И все это при том, что на Урусевского с тринадцати лет я молился. Что не было и не могло быть в мире для меня красивее этого человека, включая и Леонардо да Винчи, и Врубеля с их автопортретов. Он их всех в моем сознании перекрывал по красоте, по шарму, изяществу, артистизму.
Для меня «Человек с киноаппаратом» Дзиги Вертова — чистой воды идеологическая схема, холодная эстетская выдумка рядом с живыми кадрами Урусевского, снимающего в тайге «Неотправленное письмо», да даже просто рядом с его фотографиями. Сколько в них, в этих фотографиях, подлинного человеческого обаяния! Удачную консервную банку — камеру «Конвас-автомат» он превратил в инструмент редкого художественного совершенства. Я боготворил все, с Урусевским связанное. Дизайн «Конвас-автомата» казался мне самым восхитительным в мире, потому что эту камеру держали руки Урусевского. А уж когда его, в кепке и ватнике, заматывали в асбест, оставляли одного только с этой камерой среди горящего леса — какие уж тут подберешь слова! Какой там «Человек с киноаппаратом» — легенда о кино?!

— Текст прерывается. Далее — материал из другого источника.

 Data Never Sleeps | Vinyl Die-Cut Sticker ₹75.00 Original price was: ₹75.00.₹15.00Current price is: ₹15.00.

В Лос-Анджелесе когда*то было около десяти миллионов жителей. И каждый из этих десяти миллионов, кем бы он ни работал — официантом в ресторане или бензозаправщиком, мечтал лишь о том, чтобы его увидел продюсер и пригласил наконец сняться или хотя бы даже возить тележку на студии. Потому что кино, помимо всего остального, — и величайший миф века. Миф о волшебно преображенной в судьбу вялотекущей жизни.
Самым красивым человеком в этой мифологеме был для меня Сергей Павлович Урусевский. Потом, правда, после «8 7?», с ним сравнялся и Феллини, а после «Американской ночи» — Трюффо. Но первая мифологическая звезда кино открылась мне, когда я увидел вгиковскую двухчастевку «Конвас-автомат», которую снял Игорь Богданов, запечатлевшую Урусевского на съемках «Неотправленного письма». И вот этого своего мифологического бога я должен был почему*то низвергать и топтать.

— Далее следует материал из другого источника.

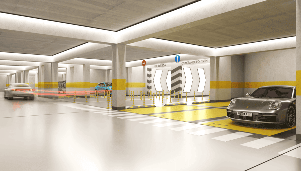 - Трехуровневый подземный паркинг на 380 автомобилей
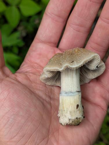One of my patches labeled Cyanescens decided to fruit. It makes me wonder if it was labeled correctly and not Ovoids instead. We had a couple 80° days and all of the sudden a 40° rain storm a few week... View MoreOne of my patches labeled Cyanescens decided to fruit. It makes me wonder if it was labeled correctly and not Ovoids instead. We had a couple 80° days and all of the sudden a 40° rain storm a few weeks ago so I'm feeling hopeful. This particular patch has also suffered multiple animal attacks and a majority of it has already been spread on the forest floor. Even recently something dug a hole the size of a fist in the side of it (possibly squirrel or chipmunk). In one of the photos you can see I made a little Hut to protect it until fruiting is over. I suppose I'll have a better idea of which species it is once I test them. I should have more photos later. I feel confident on my labeling skills so if anyone has any input I could use the enlightenment.Hopefully I'm not just being too hopeful.
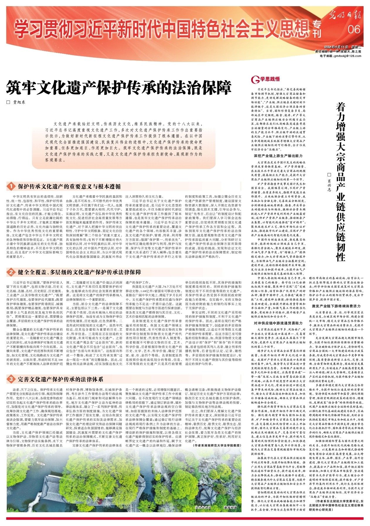 习近平总书记强调,“要保护好前人留下的文化遗产,包括文物古迹,历史文化名城、名镇、名村,历史街区、历史建筑、工业遗产,以及非物质文化遗产”,“既要保护古代建筑,也要保护近代建筑;既要保护单体建筑,也要保护街巷街区、城镇格局;既要保护精品建筑,也要保护具有浓厚乡土气息的民居及地方特色的民俗”。贯彻落实这一重要论述,需要健全全覆盖、多层级的文化遗产保护传承的法律保障。

Грань между светским, радушным московским домом, между атмосферой монмартровского кафе и пыточной абвера, в доме Урусевских была как бы совсем неуловима. Потом Смоктуновский подтвердил мне правильность моих наблюдений: «Ангелы! Два ангела! И вдруг ты с удивлением замечаешь, как эти два ангела уже жгут что*то каленым железом у тебя на груди. Ш-ш-ш, и тут же пахнет паленой кашей. Причем идет это ни в коем случае не от дурного характера или порочной натуры, но просто от того, что Сергей Павлович — художник, а Белла Мироновна — цепной пес при этом художнике, готовый отгрызть любому любую часть тела, мешающую воплощению замыслов».

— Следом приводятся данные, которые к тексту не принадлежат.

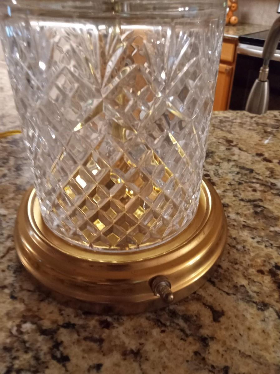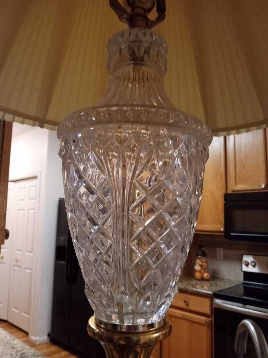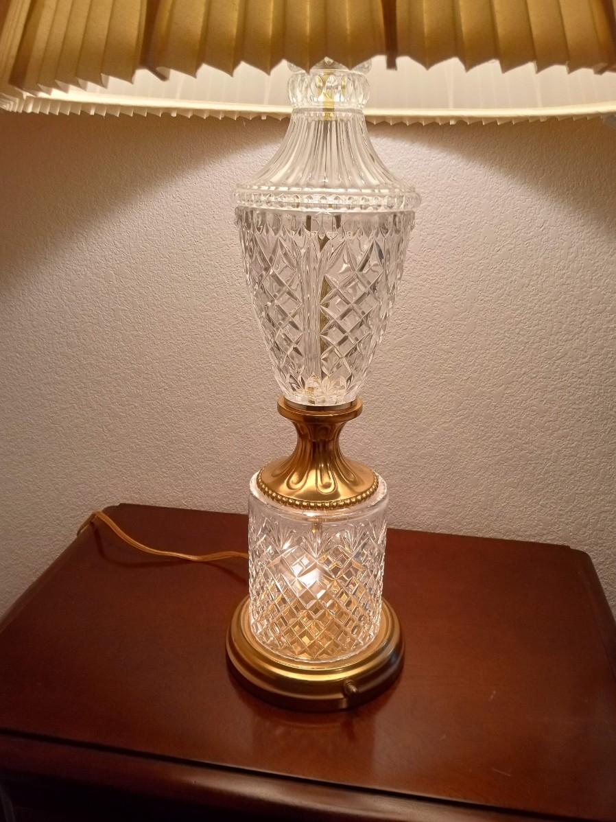2 MATCHING CRYSTAL LAMPS THAT LIGHT ON TOP AND HAVE A SECOND KNOB TO LIGHT THE BOTTOM. THEY STAND APPROX 34"

В работе Урусевский, как я потом узнал, был страшным иезуитом. В тот день он мне сказал:
— Эти странички — очень хорошие странички; хотите, оставьте их у меня, хотите — заберите, вообще — хоть сожгите. Это очень интересный набросок, но пока всего лишь первый набросок того, что потом мы сделаем совсем наоборот. И очень вас прошу, помните: фильм должен быть как песня.
— Какая песня?
— Как песня…
— Ну, песни разные бывают. Есть «Широка страна моя родная!», есть «Эх, дубинушка, ухнем»…
— Любая песня — это песня. Наш фильм должен быть как песня…
— Сергей Павлович, мне трудно это понять, мне*то как раз кажется, что если мы хотим сделать фильм как песню, то все, связанное с песенным напевом, песенным ладом, нужно задушить именно сейчас.
— Ничего душить пока не надо. Когда будет надо — я скажу. Вы сейчас поезжайте домой. Вы на чем едете? — Я почувствовал, что идею Болшева с писанием моих портретов на виду прогуливающихся Райзмана и Юткевича он уже отставил, все это тихо, мирно перенеся на более отдаленные времена.